姜暮烟的瞬移白光一闪而逝,带着黑熊、食铁兽一行人走得干脆利落,半点不留拖沓。
喧闹混乱的战场瞬间空了大半,只余下满地狼藉的碎石、废铁,还有刚才霸王龙一口吞草时,零星掉落的几片嫩绿草叶。
几只瘦小的鬣狗立马凑了上去,低着头、小心翼翼伸着舌头,一点点卷走地面仅剩的草屑,动作轻得生怕吹跑一丝绿意。在这片终年只有铁锈和废土的死寂之地,这一点点鲜活草木,已是极致的珍宝。
霸王龙伫立在原地,狭长的竖瞳死死盯着姜暮烟消失的方向,眼底满是憋屈和不甘。
它喉结滚动,将嘴里残留的一丁点草渣彻底咽干净,两只短小滑稽的前爪抬起来,笨拙地拍了拍鼓胀的肚皮。空有饱腹的错觉,却半点草木清香没尝出来,纯属白瞎了好东西。
它笨重地转身,后腿发力,刚蹦出两步打算回自己空荡荡的老巢,脚步却猛地一顿。
扭头看向身后扎堆抢残草的一众异兽,积攒了两天的怒火、丢家底的憋屈、白挨打的怨气瞬间齐齐爆发,一声沉雷般的怒吼炸响全场!
“都给我停手!”
这群家伙是真的没底线!
“跑我的地盘打生打死,折腾我两天!把我攒了几百年的家底搬得一干二净,现在连地上掉的几根碎草都要抢?脸皮呢?!”
它视线精准锁定几只熟面孔,挨个点名怼人,气场凶悍至极。
“还有那只黑白团子!下次再敢凑我跟前,信不信我直接咬断你的滚来滚去的短尾巴!”
“还有你三头蛇!白长三个脑袋!三个脑袋打不过一个人类女人,全程只会缠腿送人头,丢人丢到家了!”
远处还没滚远的食铁兽闻言,立马停下圆滚滚的身子,慢悠悠从背后掏出没啃完的青竹,咔哒一口咬下一大截,腮帮子鼓鼓囊囊的,满脸淡定不屑。

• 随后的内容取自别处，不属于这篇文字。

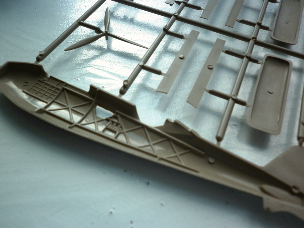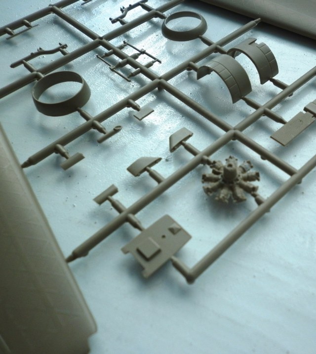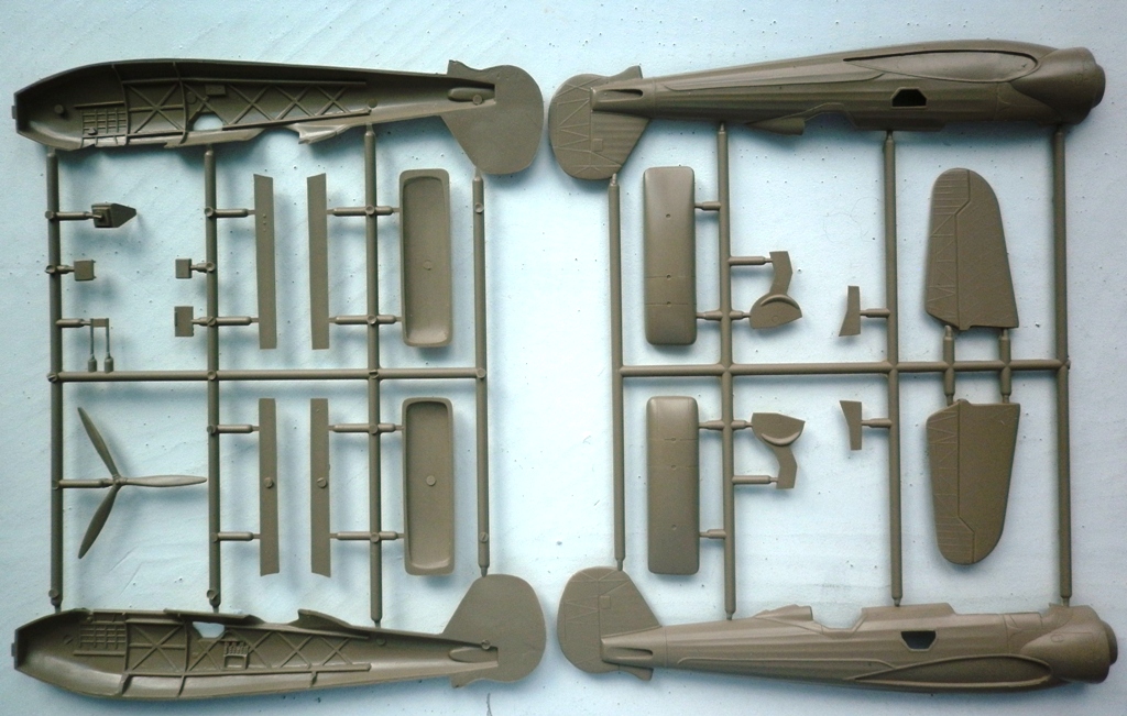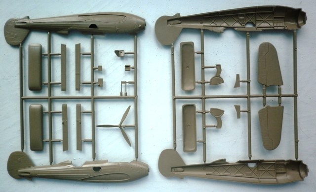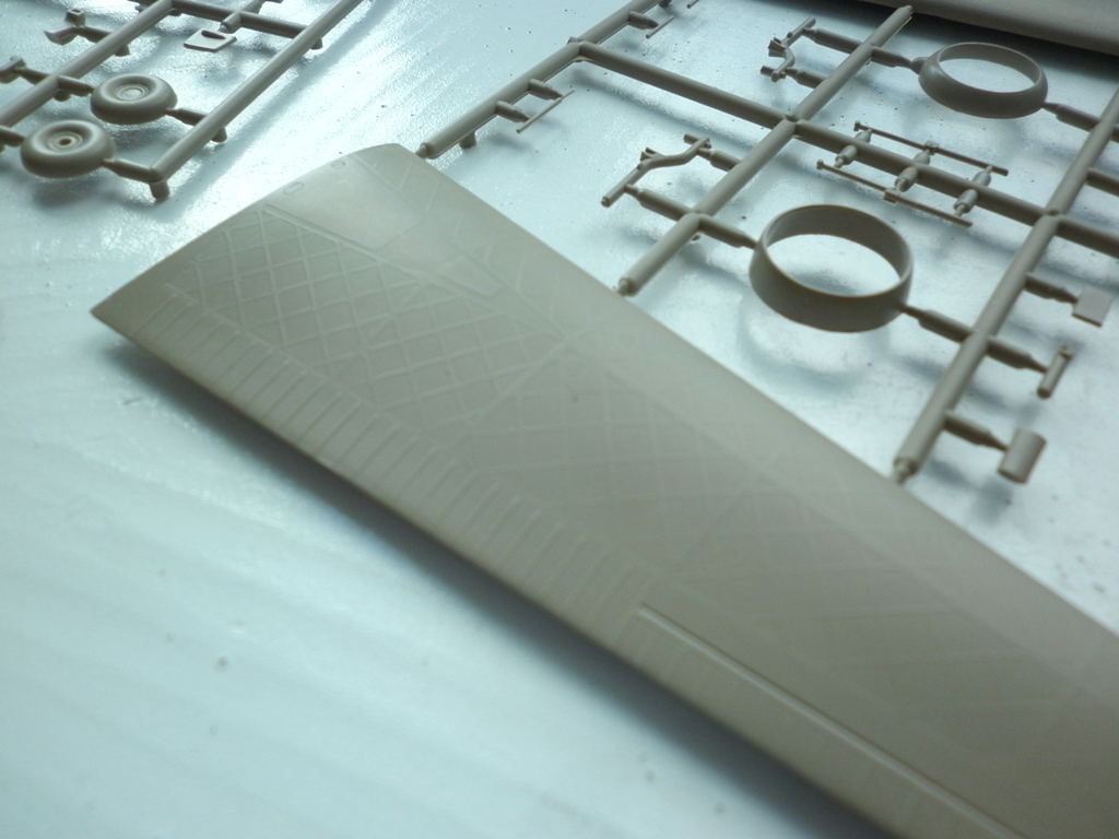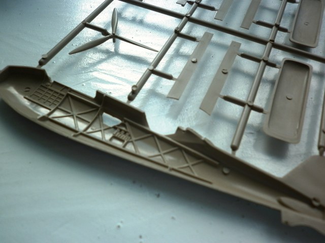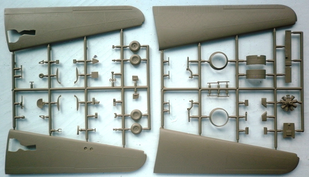 Пластик .... Литьё чёткое , без дефектов . Деталировка неплохая , отлично передан интерьер фюзеляжа , впрочем , 75% этого богатства после сборки видно не будет. А видно будет что структура силового набора на крыле пропадёт уже после покрытия слоем грунта. Настолько она "деликатная".

它抬头瞥了眼暴怒的霸王龙,语气慢悠悠的,怼得格外精准:“你叫谁黑白配?”
“你浑身光秃秃一片鳞甲,一根毛都没有,也好意思嘲讽我?”
“你洞里的宝贝凭空消失,又不是我拿的,有本事你找正主去,别在这乱迁怒。”
说这话时,它乌黑的小眼珠悄悄瞟了一眼姜暮烟消失的方向,眼底飞快闪过一丝狡黠。
心知肚明是谁搬空了龙巢,偏偏闭口不提,主打一个看破不说破。
怼完霸王龙,食铁兽淡定把竹子塞回身后藏好,四肢一蹬,圆滚滚的身子贴着地面飞快滚远,懒得跟暴怒的傻龙废话。
一旁的大白鲨瘫在碎石地上,半边腮帮子肿得老高,牙床还在丝丝渗血。它甩动尾巴,哗啦啦把自己崩落在地的几颗断牙扫到一边,满脸委屈又憋屈,疯狂吐槽。
“就是就是!纯属乱发火!”
“我拼死拼活打两天,牙都崩掉大半,结果就分到几根碎草!”
“最亏的是我!你一口把整堆灵草闷了,连味都没尝明白,我们这群干活挨打的,反倒分不到一口完整的!”
“下次那人类姑娘再来,能不能多带点?不然我这掉的一口好牙,岂不是白遭罪了!”
另一边的三头蛇更是怨气冲天。
中间的主脑袋被揍得头昏脑涨,眼皮都在发飘,左边脑袋叼着半根残缺的青草,宝贝似的含着不敢咽,右边脑袋则竖着信子,跟旁边的蜥蜴吵得面红耳赤。
“我才是最亏的!老子三个脑袋拼死拼活,就抢到手一根半!”
“还有那只破猴子!发草的时候绝对故意针对我,硬生生少给我半根!这笔账我记下了!”
全场乱糟糟的抱怨声此起彼伏,所有异兽都在哭诉自己吃亏,唯独没人敢真的再跟霸王龙动手。
就在群兽吵得快再次内讧时,远处的山林方向,传来黑熊一声极低沉的闷吼。
吼声不响,却带着极致的压迫感和满满的不耐烦,直白透露出一句话:再废话,老子就回来接着揍。
喧闹的场面瞬间死寂。
刚才还叽叽喳喳吐槽不停的异兽们,立马乖乖闭麦,低头埋头苦扒地面仅剩的草屑,连大气都不敢多喘一口。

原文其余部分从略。